File: REFELE_5.32_filtered_savannah.tsv
Description: Savannah elephant reference microsatellite genotypes
Variables
- SID: sample ID
- zone: area from which sample was collected (crossreference to zones files)
- All remaining variables are microsatellite genotypes (as fragment lengths, not repeat counts) with missing data coded as -999.
File: zones_44_forest.tsv
Description: locations of forest elephant sampling zones
Variables
- Location: abbreviated name of nearby park, reserve, or other landmark
- zoneID: ID number of input zone
- subregion; broad area in which zone is located (0 = western forest, 1 = central/eastern forest, 2 = northern savannah, 3 = northeastern savannah, 4 = southeastern savannah, 5 = southern savannah)
- latitude: decimal latitude of input zone (not of individual sample)
- longitude: decimal longitude of input zone
File: zones_44_savannah.tsv
Description: locations of savannah elephant sampling zones
Variables
- Location: abbreviated name of nearby park, reserve, or other landmark
- zoneID: ID number of input zone
- subregion; broad area in which zone is located (0 = western forest, 1 = central/eastern forest, 2 = northern savannah, 3 = northeastern savannah, 4 = southeastern savannah, 5 = southern savannah)
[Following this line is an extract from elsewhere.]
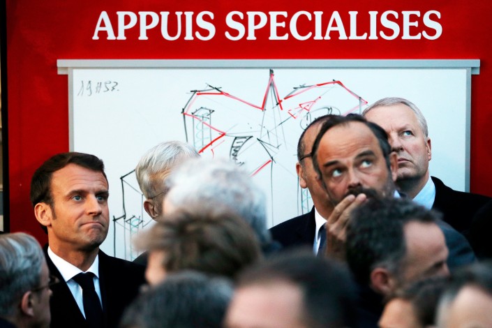 За тем, как горел собор, наблюдал и президент Франции Эммануэль Макрон и премьер-министр Эдуар Филипп. Так же, как и толпы собравшихся возле храма людей, политики с горечью смотрели на пожар.

- latitude: decimal latitude of input zone (not of individual sample)
- longitude: decimal longitude of input zone
Code/software
All data are in .tsv format and can be viewed with standard tools.
Samples were prepared and genotyped as described in Mailand and Wasser 2007.
Species of each sample was assigned using EBHybrids (Mondol et al. 2015) and samples with inferred hybrid probability >= 50% were removed. Samples with fewer than 10 fully genotyped loci were removed; loci where one allele was coded as missing were recoded as fully missing.
Associated zone files give latitude and longitude of the approximate sampling zone (park, protected area, or other habitat) from which samples were derived, but do not represent the coordinates of specific samples.